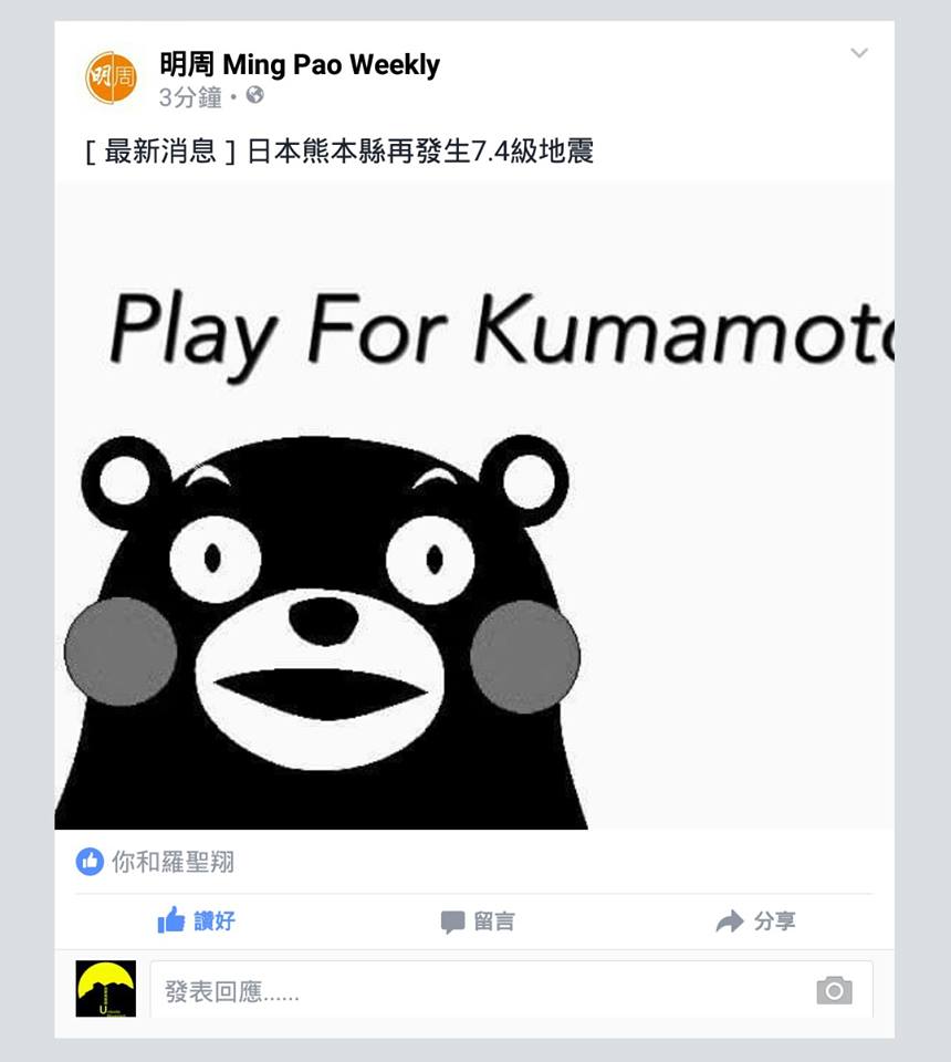 星期六凌晨日本熊本縣再發生 7.4 級地震,事件發生在香港時間約 12:25am,未知是否當值的明報周刊員工剛剛瞓著,還是一時大意,竟然製作了這幅「Play for Kumamoto」的黑白熊本熊作為突發新聞的配圖,雖然很快就已經被明周的 Facebook 管理員刪除,但已經被筆者的朋友發現 Cap 圖。新聞要快固然重要,但準確亦不可缺,尤其是這樣的低級錯誤,往往就是「唔使急,最緊要快」的結果。行家們,共勉之。
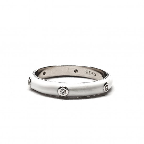 Sortija en plata de ley con detalles de circonitas y esmaltado en blanco. Talla disponible: 14
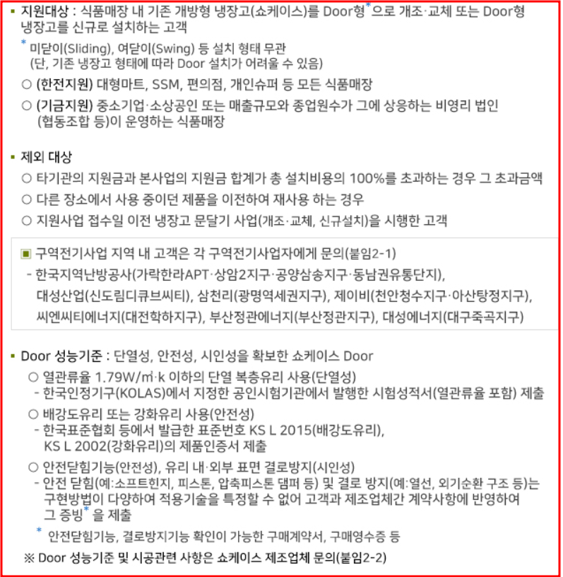 기존 개방형 냉장고를 도어형으로 개조하거나 도어형 냉장고를 신규 구입할 경우 지원금을 받을 수 있습니다.
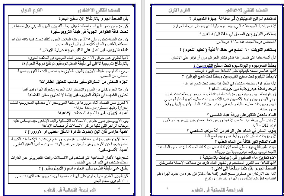 أفضل مذكرة في العلوم الصف الثانى الاعدادى الترم الثاني علوم ثانية اعدادى مذكرة المظالى
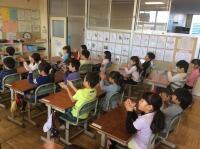 朝、読み聞かせをしてくださる、九輪草の会の方に、「大人っぽくなってきたね。」「元気で明るくていいね!」と言ってもらえた1年生。
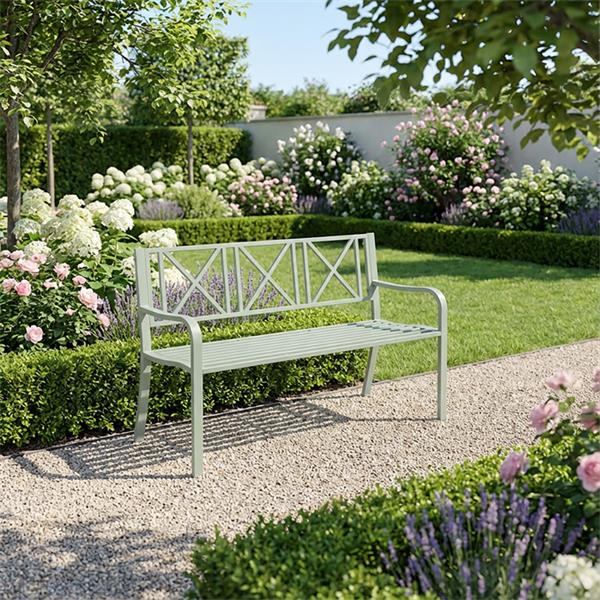 Our Bench in Sintra Green adds a bold, nature-inspired colour accent to outdoor spaces while delivering dependable, everyday seating. Finished in a striking Sintra green tone, the powder-coated steel frame brings character and colour within garden and patio settings. Designed for long-term outdoor use, the durable steel construction offers excellent resistance to rust and weathering throughout the seasons. With its clean-lined design and generous seating capacity, this outdoor steel bench provides a practical and even eye-catching seating solution for gardens, patios, or porch areas.
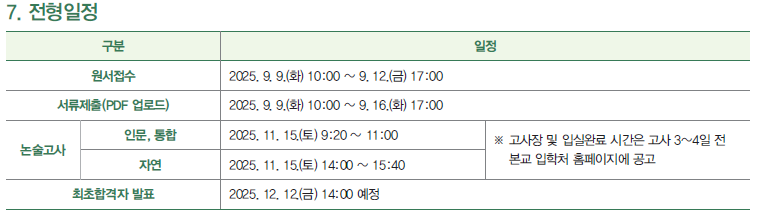 ◆ 2026학년도 논술 안내 및 수시 모집요강◆
════
> **What is expected**: Your reply must hold only the lines from the line containing "기존 개방형 냉장고를" through the end of the records above, written out exactly, both ends included, with no pictures, please.

> **Response below**:
 기존 개방형 냉장고를 도어형으로 개조하거나 도어형 냉장고를 신규 구입할 경우 지원금을 받을 수 있습니다.
 أفضل مذكرة في العلوم الصف الثانى الاعدادى الترم الثاني علوم ثانية اعدادى مذكرة المظالى
 朝、読み聞かせをしてくださる、九輪草の会の方に、「大人っぽくなってきたね。」「元気で明るくていいね!」と言ってもらえた1年生。
 Our Bench in Sintra Green adds a bold, nature-inspired colour accent to outdoor spaces while delivering dependable, everyday seating. Finished in a striking Sintra green tone, the powder-coated steel frame brings character and colour within garden and patio settings. Designed for long-term outdoor use, the durable steel construction offers excellent resistance to rust and weathering throughout the seasons. With its clean-lined design and generous seating capacity, this outdoor steel bench provides a practical and even eye-catching seating solution for gardens, patios, or porch areas.
 ◆ 2026학년도 논술 안내 및 수시 모집요강◆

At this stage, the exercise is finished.